> [ACTIVITY]
Copy out the data below as written; omit any images.

> [COLLECTED DATA]
========================================

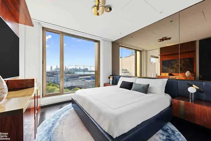 The primary suite is a sanctuary of luxury, featuring a custom-built bed and headboard crafted by New Day Woodwork, along with direct river views and a spa-like five fixture bathroom for the ultimate retreat. Each of the two ensuite bedrooms were designed for ultimate comfort in mind, evoking the feeling of a luxury yacht retreat, complete with ebonized herringbone floors and sophisticated millwork, smoked glass and built-ins defining the individual spaces. Abundant closet space and integrated storage solutions ensure everything remains concealed and organized.Residence 7B is truly turnkey, offering advanced home technology with robust supercharged wi-fi, custom LED lighting reminiscent of MoMA, and every modern convenience you could desire.
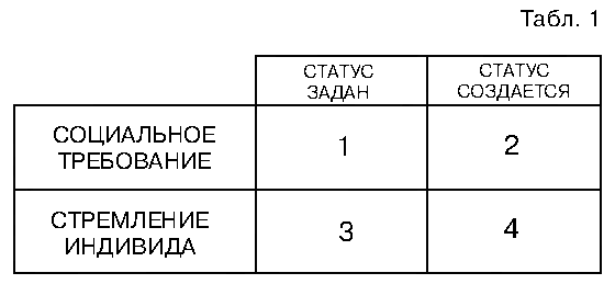 Стр. 56 Итак, мы рассмотрели заданность и "создаваемость" статуса под углом зрения того, что требует социальная среда и к чему индивид стремится. Теперь сделаем несколько шагов в направлении дальнейшей систематизации и конкретизации сказанного. С этой целью мы предлагаем взять две исходные оси с противоположными полюсями: (1) социальное требование – стремление индивида и (2) заданность социального статуса – "создаваемость" социального статуса. Если теперь вращать эти оси в отношении друг друга, то получим четыре варианта возможных статусных состояний, которые схематически можно изобразить следующим образом: Вычлененные таким образом четыре варианта возможных статусных состояний являются исходным. Первым является тот вариант, когда социальное требование относится к тому, чтобы члены группы или сообщества жили в режиме внешней заданности социального статуса. Согласно смыслу второго состояния социальное требование заключается в том, чтобы каждый своими усилиями добивался создания определенного общественного положения. Третий вариант уже говорит о том, что лицо само стремится функционировать в режиме внешней статусной заданности. Четвертый же вариант означает, что лицо стремится путем личной активности завладеть своим социальным положением. Мы отметили, что приведенные варианты являются исходными. Слово "исходный" содержит здесь некий намек на то, что в дальнейшем мы будем оперировать выделенными вариантами возможных состояний с целью определения более конкретных комбинаторных возможностей. В работе Ф. Е. Василюка [15], ссылающегося на методолого-типологические приемы О. И. Генисаретского, в рамках совершенно другого понятийного аппарата часто встречаются примеры успешного применения схем, подобных выше изображенной. Однако мы можем указать на два существенных различия между тем, что и как проделано в работе Ф. Е. Василюка и в нашей работе: 1) Ф. Е. Василюк нацелен на выделение категориально-типологических единиц, тогда как наша задача состоит в экспликации виртуальных состояний системы; 2) в работе Ф. Е. Василюка обычно выделяются по четыре определенные категориально-типологические единицы и далее следует их тонкое психологическое описание. Наш же "расчёт вариантов" идет дальше: выделяя для начала четыре исходных абстрактно-возможных варианта, мы подготавливаем почву для второго этапа определения возможных, вернее, конкретно-возможных состояний системы "личность – социальная среда". На этом втором этапе высчитываются отдельные комбинаторные возможности на основе сложения уже установленных четырех исходных вариантов. |
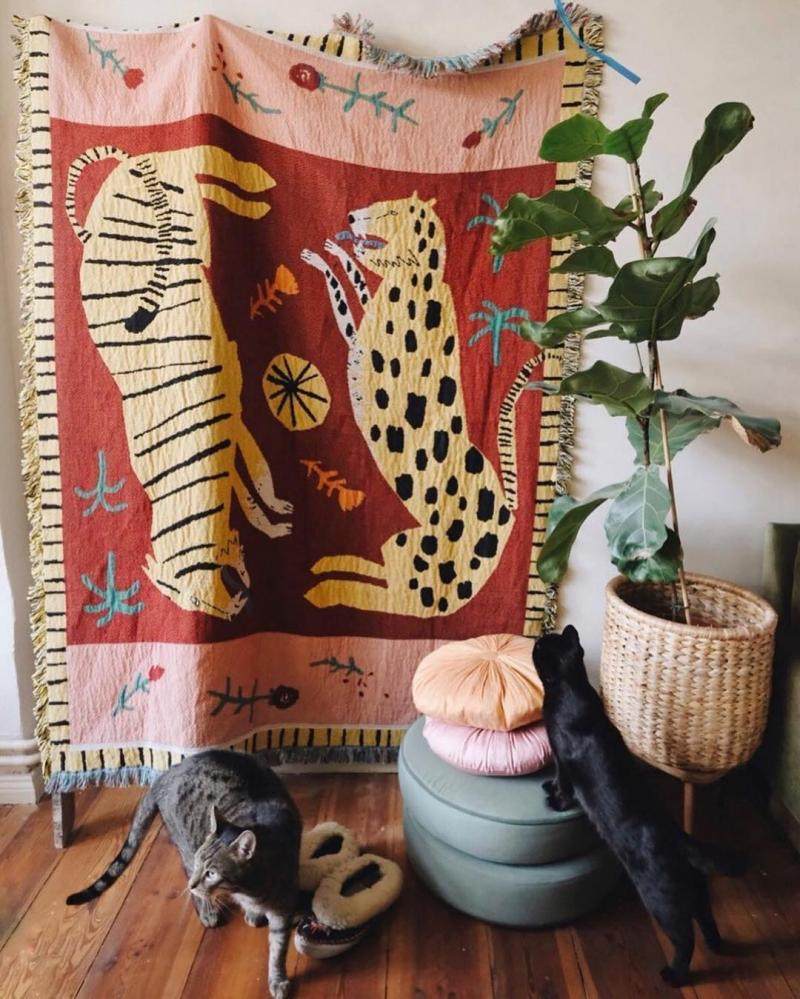 Dongbai Nordic ins Literary leisure blanket Animal tapestry Art blanket Abstract European and American creative blanket Personality decoration
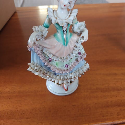 Porslinsfigur föreställande ett sittande par, dam och herre, i historiska kläder. Figuren är flerfärgad med bland annat grönt, rosa, vitt och gulddekor. Detaljerade kläder med volanger, blommotiv och guldfärgade inslag. Figuren står på en rektangulär fot med dekorerad framsida. Passar som prydnad i exempelvis vardagsrum, vitrinskåp eller samling av porslinsfigurer.

========================================

> [WRITTEN SOLUTION]
 The primary suite is a sanctuary of luxury, featuring a custom-built bed and headboard crafted by New Day Woodwork, along with direct river views and a spa-like five fixture bathroom for the ultimate retreat. Each of the two ensuite bedrooms were designed for ultimate comfort in mind, evoking the feeling of a luxury yacht retreat, complete with ebonized herringbone floors and sophisticated millwork, smoked glass and built-ins defining the individual spaces. Abundant closet space and integrated storage solutions ensure everything remains concealed and organized.Residence 7B is truly turnkey, offering advanced home technology with robust supercharged wi-fi, custom LED lighting reminiscent of MoMA, and every modern convenience you could desire.
 Стр. 56 Итак, мы рассмотрели заданность и "создаваемость" статуса под углом зрения того, что требует социальная среда и к чему индивид стремится. Теперь сделаем несколько шагов в направлении дальнейшей систематизации и конкретизации сказанного. С этой целью мы предлагаем взять две исходные оси с противоположными полюсями: (1) социальное требование – стремление индивида и (2) заданность социального статуса – "создаваемость" социального статуса. Если теперь вращать эти оси в отношении друг друга, то получим четыре варианта возможных статусных состояний, которые схематически можно изобразить следующим образом: Вычлененные таким образом четыре варианта возможных статусных состояний являются исходным. Первым является тот вариант, когда социальное требование относится к тому, чтобы члены группы или сообщества жили в режиме внешней заданности социального статуса. Согласно смыслу второго состояния социальное требование заключается в том, чтобы каждый своими усилиями добивался создания определенного общественного положения. Третий вариант уже говорит о том, что лицо само стремится функционировать в режиме внешней статусной заданности. Четвертый же вариант означает, что лицо стремится путем личной активности завладеть своим социальным положением. Мы отметили, что приведенные варианты являются исходными. Слово "исходный" содержит здесь некий намек на то, что в дальнейшем мы будем оперировать выделенными вариантами возможных состояний с целью определения более конкретных комбинаторных возможностей. В работе Ф. Е. Василюка [15], ссылающегося на методолого-типологические приемы О. И. Генисаретского, в рамках совершенно другого понятийного аппарата часто встречаются примеры успешного применения схем, подобных выше изображенной. Однако мы можем указать на два существенных различия между тем, что и как проделано в работе Ф. Е. Василюка и в нашей работе: 1) Ф. Е. Василюк нацелен на выделение категориально-типологических единиц, тогда как наша задача состоит в экспликации виртуальных состояний системы; 2) в работе Ф. Е. Василюка обычно выделяются по четыре определенные категориально-типологические единицы и далее следует их тонкое психологическое описание. Наш же "расчёт вариантов" идет дальше: выделяя для начала четыре исходных абстрактно-возможных варианта, мы подготавливаем почву для второго этапа определения возможных, вернее, конкретно-возможных состояний системы "личность – социальная среда". На этом втором этапе высчитываются отдельные комбинаторные возможности на основе сложения уже установленных четырех исходных вариантов. |
 Dongbai Nordic ins Literary leisure blanket Animal tapestry Art blanket Abstract European and American creative blanket Personality decoration
 Porslinsfigur föreställande ett sittande par, dam och herre, i historiska kläder. Figuren är flerfärgad med bland annat grönt, rosa, vitt och gulddekor. Detaljerade kläder med volanger, blommotiv och guldfärgade inslag. Figuren står på en rektangulär fot med dekorerad framsida. Passar som prydnad i exempelvis vardagsrum, vitrinskåp eller samling av porslinsfigurer.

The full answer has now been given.